**Work to complete:** Pictures found in the material must be left out, and every line returned as written.

--- Dataset content ---

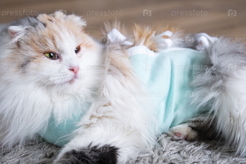 Триколор Кошка в повязке дома восстанавливается после операции по стерилизации
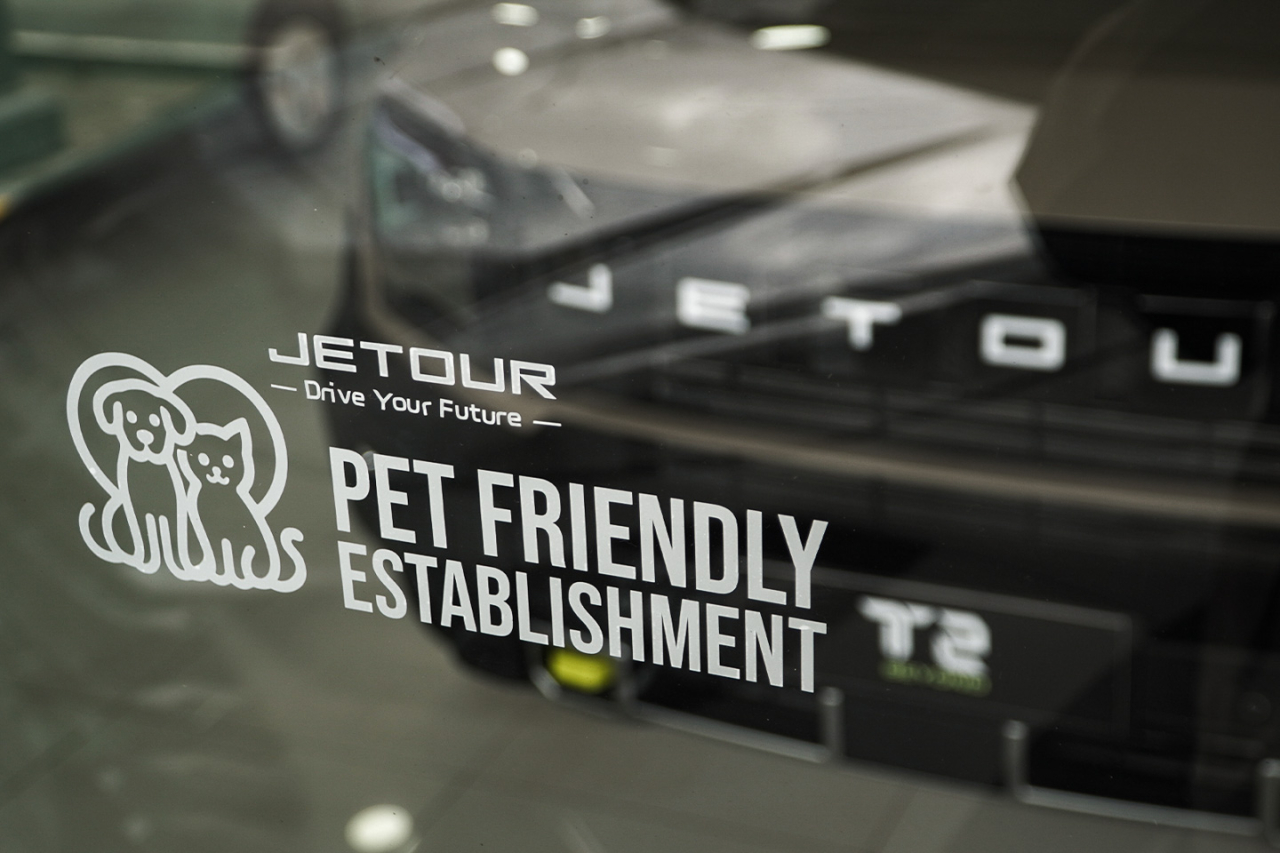 Pet-friendly stickers will be displayed prominently on the entrance doors of Jetour dealer sales showrooms. These stickers, featuring a simple dog and cat paw print design along with the text “Pet Friendly Establishment,” signify that all pets are welcome in the showrooms.
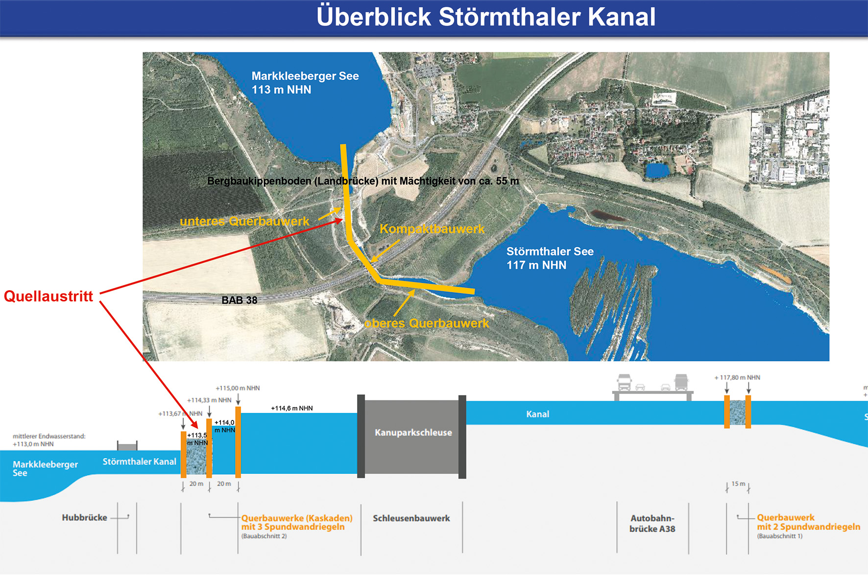 Damals wurden im Bereich der Schleuse Risse und Unterspülungen festgestellt. Ein Gutachten zeigte, dass mehrere ungünstige Faktoren zu den Problemen geführt hatten. So ist das Grundwasser im Bereich des Kanals, insbesondere auf der Seite des Markkleeberger Sees, um etwa zwei Meter stärker angestiegen als prognostiziert. Außerdem hat sich das Schleusenbauwerk weniger stark abgesenkt als erwartet, sodass die Verdichtung des lockeren Kippenbodens geringer ausfiel. Die Ursachen sind generell multikausal.

---

**Exercise result:**
 Триколор Кошка в повязке дома восстанавливается после операции по стерилизации
 Pet-friendly stickers will be displayed prominently on the entrance doors of Jetour dealer sales showrooms. These stickers, featuring a simple dog and cat paw print design along with the text “Pet Friendly Establishment,” signify that all pets are welcome in the showrooms.
 Damals wurden im Bereich der Schleuse Risse und Unterspülungen festgestellt. Ein Gutachten zeigte, dass mehrere ungünstige Faktoren zu den Problemen geführt hatten. So ist das Grundwasser im Bereich des Kanals, insbesondere auf der Seite des Markkleeberger Sees, um etwa zwei Meter stärker angestiegen als prognostiziert. Außerdem hat sich das Schleusenbauwerk weniger stark abgesenkt als erwartet, sodass die Verdichtung des lockeren Kippenbodens geringer ausfiel. Die Ursachen sind generell multikausal.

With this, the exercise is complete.